L’édition 2019 marque la 14e année consécutive où la Fondation IFIC a interrogé les consommateurs américains pour comprendre leurs perceptions, leurs croyances et leurs comportements en ce qui concerne les aliments et les décisions d’achat.

Tiré de foodinsight.com –  Publié le 22 mai 2019
| Traduction et adaptation libre par la rédaction |

Intérêt soutenu pour la durabilité

Des enquêtes précédentes sur l’alimentation et la santé ont interrogé les consommateurs sur leur point de vue sur la durabilité, mais leur interprétation du concept variait. L’enquête Food & Health de cette année devient plus précise en demandant aux consommateurs ce qu’ils recherchent afin de savoir si un produit est durable sur le plan environnemental.

Chaque année, l’enquête identifie les principaux facteurs influant sur les achats de produits alimentaires et de boissons. Chaque sondage a vu le «goût» régner et en 2019, la tendance se poursuit. Considéré comme important par 86% des consommateurs, l’impact des goûts sur les décisions d’achat est en nette augmentation par rapport à 81% en 2018. D’autres facteurs tels que le «prix» (68%), la «santé» (62%) et la «commodité» (57%)) est resté stable. La «durabilité» en tant que facteur d’achat s’est inscrite dans les pourcentages moyens à élevés de 30% au cours des années, mais le raffinement de la «durabilité environnementale» de 2019 a entraîné une chute à 27%, ce qui indique que les consommateurs peuvent penser davantage que l’environnement vient à la durabilité.

Indépendamment de l’impact sur les décisions d’achat, plus de la moitié des consommateurs (54%) estiment qu’il est au moins assez important que les produits qu’ils achètent soient fabriqués dans le respect de l’environnement.

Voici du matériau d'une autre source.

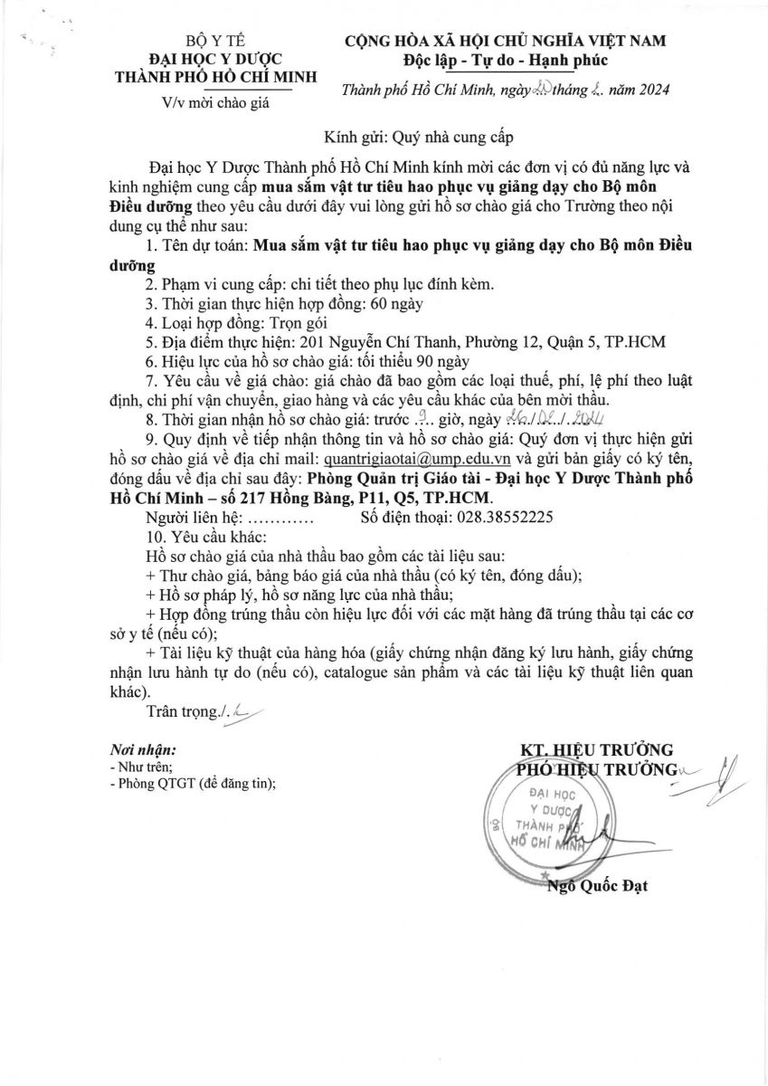 Thời gian nhận hồ sơ chào giá: từ ngày ra thông báo đến trước 9g00 ngày 26/02/2024

Parmi ces 54%, beaucoup recherchent des étiquettes ou des attributs spécifiques pour déterminer s’ils pensent qu’un produit est durable sur le plan environnemental : 51% perçoivent les produits produits localement comme respectueux de l’environnement, suivis des produits étiquetés comme étant durables (47%), étiquetés 47% des non-OGM / non bio-ingénieurs, étiquetés comme biologiques (44%), ayant des emballages recyclables (41%) et peu conditionnés (35%).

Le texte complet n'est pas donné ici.